6、AssertionError: X and Y should be the same shape

pip install visdom==0.1.8.8 pip install dominate

※坑2：论文精度无法复现

提升思路一：
跑了很多遍STANet算法，进行了各种调参，但PAM最终F1_score基本都在0.73左右，baseMode在0.64左右。即使数据裁剪成256也不行。后来突然灵光一现，是不是因为样本漂移的问题，因为裁剪后，出现了大量的标签为0的样本，导致负样本过大，裁剪后的正样本与总样本比为3107/7120，因此剔除负样本进行训练，PAM F1_score提升到了0.8。
其他思路：
查看网上有人说ds设置为2效果最好，其他参数和样本不变的情况下，我改为2后精度只提升了0.01左右，此外还有的说裁剪为128，精度也会进一步提升，尝试用128跑了一遍，并没有出现精度提升。

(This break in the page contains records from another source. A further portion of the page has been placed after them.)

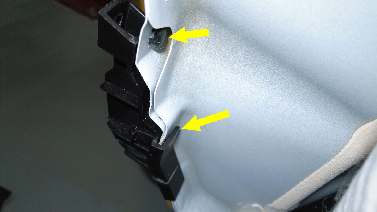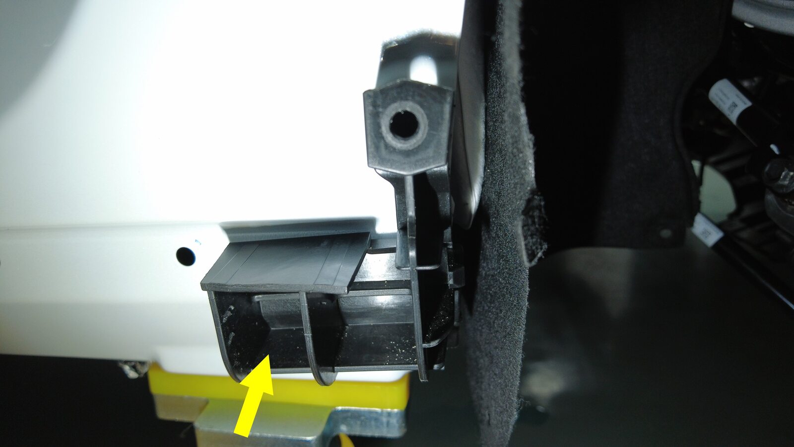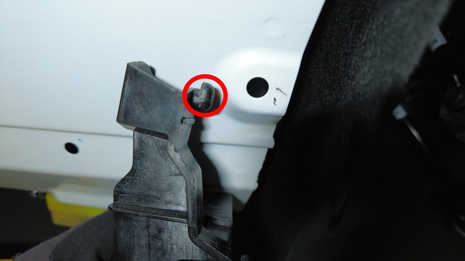 将支架上的锁片与左后翼子板下部的开孔对齐,将支架朝车头方向旋转以使支架边缘与车身接合,然后下压门槛支架,使其紧贴在车身上。
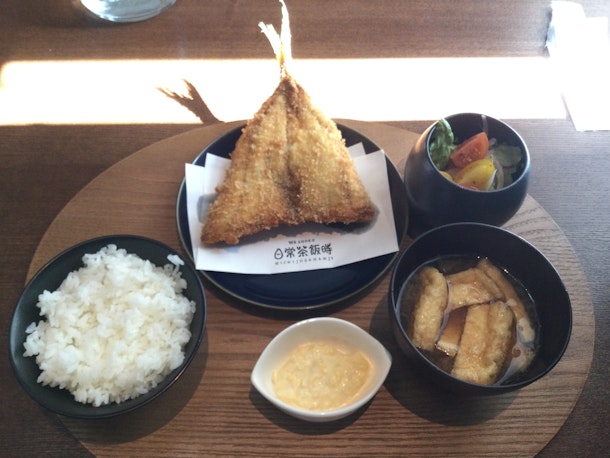 漁港から直送されたアジのフライは、ふわっふわでした。
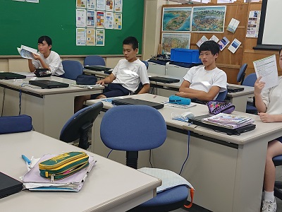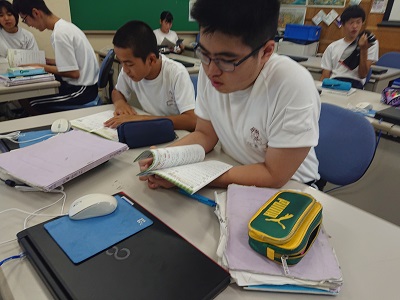 3年生は英語で既習事項を使った英文の読み取りをペアと行っていました。
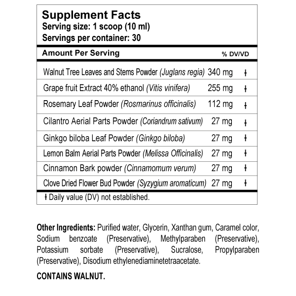Su fórmula exclusiva incluye hojas de nogal, extracto de uva, romero, cilantro, ginkgo biloba, melisa, canela y clavo. Cada uno de estos componentes ha sido seleccionado por sus beneficios antioxidantes, que ayudan a combatir el estrés oxidativo y a promover un equilibrio óptimo.
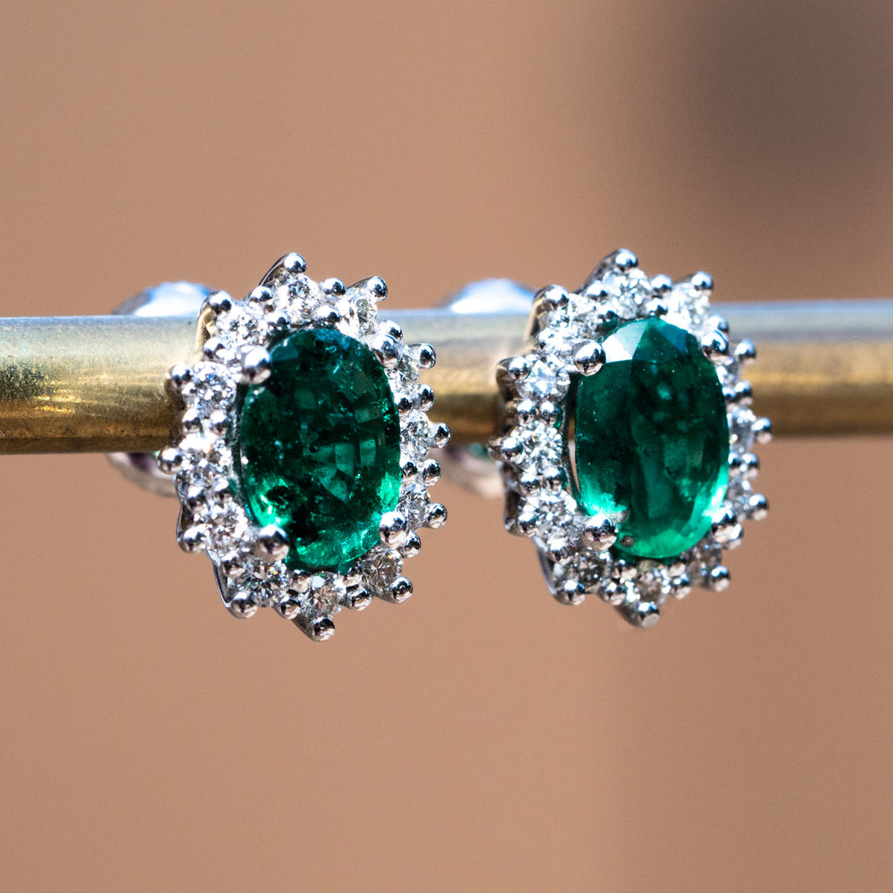 Hebe -0.86 carat natural emerald earrings, 2.36 carat natural diamonds, 18K white Gold

关于精度复现目前还未能实现，希望有复现成功的大佬指导指导，提出建议。

以下是裁剪代码，剔除了全为0的负样本。

# -*- coding: utf-8 -*-
"""
Created on Mon Sep 26 10:51:27 2022

@author: LYH
"""

import os
from skimage import data_dir, io, transform
import numpy as np
from tqdm import tqdm
import time
from numba import njit


def ind2sub(siz, ind):
    '''


    Parameters
    ----------
    siz : List
        DESCRIPTION: 总分块裁剪矩阵
    Ind : Int
        DESCRIPTION：索引

    Returns
    -------
    r, Int, row 索引在分块个数中行号
    c，Int, col 索引在分块个数中列号

    '''
    siz = siz.tolist()
    row = (ind - 1) % siz[0] + 1
    col = int((ind - row) / siz[0] + 1)
    return (row, col)

# @njit
def crop_(in_path, out_path, blockLength=1024, stride=12):
    
    
    
    A_coll = io.ImageCollection(in_path[0])
    B_coll = io.ImageCollection(in_path[1])
    L_coll = io.ImageCollection(in_path[2])
    for i in range(len(A_coll)):
        img_A = A_coll[i]
        img_B = B_coll[i]
        img_L = L_coll[i]
        print(img_A.shape)
        if len(img_A.shape) > 2:
            rw, rh, rc = img_A.shape
        else:
            rw, rh = img_A.shape
            rc = None
        srcSize = [rh, rw]
        block_size = np.ceil(np.divide(srcSize, blockLength)).astype('int')
        blockNum = np.prod(block_size)
        
        try:
            with tqdm(total=blockNum, desc='处理中') as pbar:
                for blockI in range(1, blockNum + 1):
                    [r, c] = ind2sub(block_size, blockI)
                    rmin = max((r - 1) * (blockLength - stride), 0)
                    cmin = max((c - 1) * (blockLength - stride), 0)
                    rmax = min(rmin + blockLength, rh)
                    cmax = min(cmin + blockLength, rw)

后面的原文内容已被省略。